Jorge Drexler hace del silencio materia prima para su «show»

Jorge Drexler hace del silencio materia prima para su «show»

El cantautor uruguayo Jorge Drexler presentó en la Ciudad de México su espectáculo Silente, un concierto en el que el silencio fue el pretexto, y a la vez, materia prima de la música.

Acompañado de un par de guitarras y algunos efectos de sonido, el cantante hizo un breve recuento de su carrera durante un peculiar “show”, en el que los silencios formaron parte esencial de sus canciones, de las cuales primero se oyó Transporte, no sin antes hincarse en el escenario del Teatro Metropólitan como muestra de gratitud a sus seguidores.

“Esto lo hicieron ustedes, esta noche está pasando aquí gracias a ustedes. Estoy feliz de traer Silente a este teatro, es un desafío estar en un lugar donde el calor nos toma por asalto”, afirmó previo a interpretar Eco.

Antes de tomar asiento, Drexler ejecutó sus éxitos Estalactitas, Deseo y Mi guitarra y vos, para luego dar paso a la primera canción que escribió en su carrera, La aparecida, la cual jamás había tocado en México y no forma parte de su repertorio habitual.

“Además de dedicársela a mi familia, que llenó de música nuestra casa, quiero incluirlos a todos ustedes en esta dedicatoria”, aseguró antes de Salvapantallas, a la que le siguieron Don de fluir y Abracadabra, tema compuesto con el mexicano David Aguilar y para la que experimentó con el sonido de un péndulo de Newton.

Silente es un concierto perfectamente pensado y coreografiado, pues durante Todo se transforma y Disneylandia, se dio la oportunidad de interactuar con la sencilla escenografía y los visuales proyectados en ésta.

Asilo, La vida es más compleja de lo que parece y Soledad se llevaron la ovación de un público expectante al estar frente a un músico sin una agrupación de apoyo.

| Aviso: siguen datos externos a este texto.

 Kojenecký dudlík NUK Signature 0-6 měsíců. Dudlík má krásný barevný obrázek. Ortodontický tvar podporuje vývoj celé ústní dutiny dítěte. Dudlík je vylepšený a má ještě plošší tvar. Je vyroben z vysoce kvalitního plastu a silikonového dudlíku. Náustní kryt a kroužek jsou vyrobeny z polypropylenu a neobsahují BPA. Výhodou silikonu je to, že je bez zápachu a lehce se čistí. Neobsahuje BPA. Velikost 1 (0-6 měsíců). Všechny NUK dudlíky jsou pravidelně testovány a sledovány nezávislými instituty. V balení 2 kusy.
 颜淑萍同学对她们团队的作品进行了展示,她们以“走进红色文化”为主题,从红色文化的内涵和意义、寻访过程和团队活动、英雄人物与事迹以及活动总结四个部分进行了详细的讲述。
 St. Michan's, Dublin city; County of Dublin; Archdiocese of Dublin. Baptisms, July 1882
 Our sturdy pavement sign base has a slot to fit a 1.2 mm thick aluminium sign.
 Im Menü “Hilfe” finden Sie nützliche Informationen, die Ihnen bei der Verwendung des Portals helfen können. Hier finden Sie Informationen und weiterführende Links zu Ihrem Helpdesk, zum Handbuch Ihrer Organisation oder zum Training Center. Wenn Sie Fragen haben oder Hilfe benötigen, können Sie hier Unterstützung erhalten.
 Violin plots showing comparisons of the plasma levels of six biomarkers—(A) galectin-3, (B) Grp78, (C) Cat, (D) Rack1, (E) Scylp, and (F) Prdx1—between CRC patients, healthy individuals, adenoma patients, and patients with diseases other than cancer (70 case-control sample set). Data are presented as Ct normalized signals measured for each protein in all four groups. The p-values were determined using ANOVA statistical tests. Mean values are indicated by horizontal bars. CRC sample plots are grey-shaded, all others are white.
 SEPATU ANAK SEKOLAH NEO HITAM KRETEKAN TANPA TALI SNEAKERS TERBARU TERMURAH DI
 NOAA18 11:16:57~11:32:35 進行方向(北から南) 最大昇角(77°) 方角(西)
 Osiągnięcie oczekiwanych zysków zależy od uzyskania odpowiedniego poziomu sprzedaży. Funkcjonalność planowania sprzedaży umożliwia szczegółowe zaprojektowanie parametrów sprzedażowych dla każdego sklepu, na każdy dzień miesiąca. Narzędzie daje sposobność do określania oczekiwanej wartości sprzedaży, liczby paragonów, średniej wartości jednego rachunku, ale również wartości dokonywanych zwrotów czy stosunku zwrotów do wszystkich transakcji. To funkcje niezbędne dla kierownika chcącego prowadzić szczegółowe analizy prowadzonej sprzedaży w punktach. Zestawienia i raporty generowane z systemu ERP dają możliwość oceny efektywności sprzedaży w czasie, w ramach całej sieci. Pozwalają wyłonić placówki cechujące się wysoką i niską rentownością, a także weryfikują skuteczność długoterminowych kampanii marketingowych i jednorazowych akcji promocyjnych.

El también ganador del Oscar por la música original de la cinta Diarios de motocicleta aprovechó la ocasión para recordar su breve estancia en México cuando era niño y dedicó a sus abuelos A la sombra del ceibal, tema inédito en su extensa discografía.

Otra anécdota que el artista compartió con el público fue la de Pongamos que hablo de Martínez, canción en honor a su amigo y mentor Joaquín Sabina, quien lo exhortó a abandonar su carrera de Medicina para mudarse a España y dedicarse a la música.

“Esta canción nació dos veces: la primera fue cuando la escribí, y la segunda, 10 años después, cuando la escuché en voz de Mercedes Sosa”, confesó antes de interpretar Sea. El encuentro musical finalizó con Movimiento, Silencio y Telefonía.